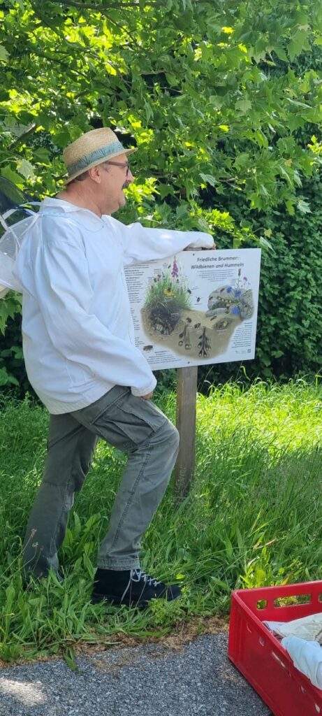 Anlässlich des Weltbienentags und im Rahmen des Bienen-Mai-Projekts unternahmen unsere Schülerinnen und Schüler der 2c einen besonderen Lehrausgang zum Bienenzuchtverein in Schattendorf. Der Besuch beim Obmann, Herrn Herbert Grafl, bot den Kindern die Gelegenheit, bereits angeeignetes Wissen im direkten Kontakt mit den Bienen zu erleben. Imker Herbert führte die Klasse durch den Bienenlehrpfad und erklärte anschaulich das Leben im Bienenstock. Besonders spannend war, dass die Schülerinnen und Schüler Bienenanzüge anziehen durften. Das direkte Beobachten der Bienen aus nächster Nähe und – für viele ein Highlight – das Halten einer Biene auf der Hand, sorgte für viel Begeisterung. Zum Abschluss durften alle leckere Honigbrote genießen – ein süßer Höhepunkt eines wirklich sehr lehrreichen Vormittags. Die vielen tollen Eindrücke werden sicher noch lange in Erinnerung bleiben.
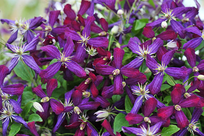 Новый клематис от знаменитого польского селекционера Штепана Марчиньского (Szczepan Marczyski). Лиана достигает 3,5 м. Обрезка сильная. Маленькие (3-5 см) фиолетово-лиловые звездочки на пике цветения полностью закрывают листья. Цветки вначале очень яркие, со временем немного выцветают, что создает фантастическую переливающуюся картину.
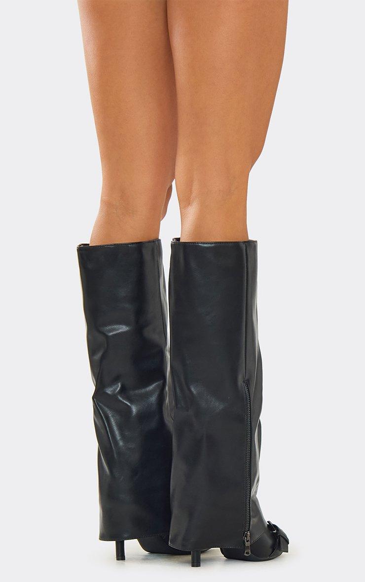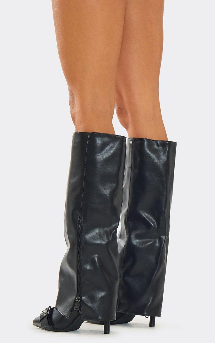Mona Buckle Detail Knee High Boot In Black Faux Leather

★ ★ ★

**Instructions for the task:**
From the line containing "Новый клематис от" to the end of the listing, restate each line word for word and nothing more; the pictures stay out.

**Response area:**
 Новый клематис от знаменитого польского селекционера Штепана Марчиньского (Szczepan Marczyski). Лиана достигает 3,5 м. Обрезка сильная. Маленькие (3-5 см) фиолетово-лиловые звездочки на пике цветения полностью закрывают листья. Цветки вначале очень яркие, со временем немного выцветают, что создает фантастическую переливающуюся картину.
Mona Buckle Detail Knee High Boot In Black Faux Leather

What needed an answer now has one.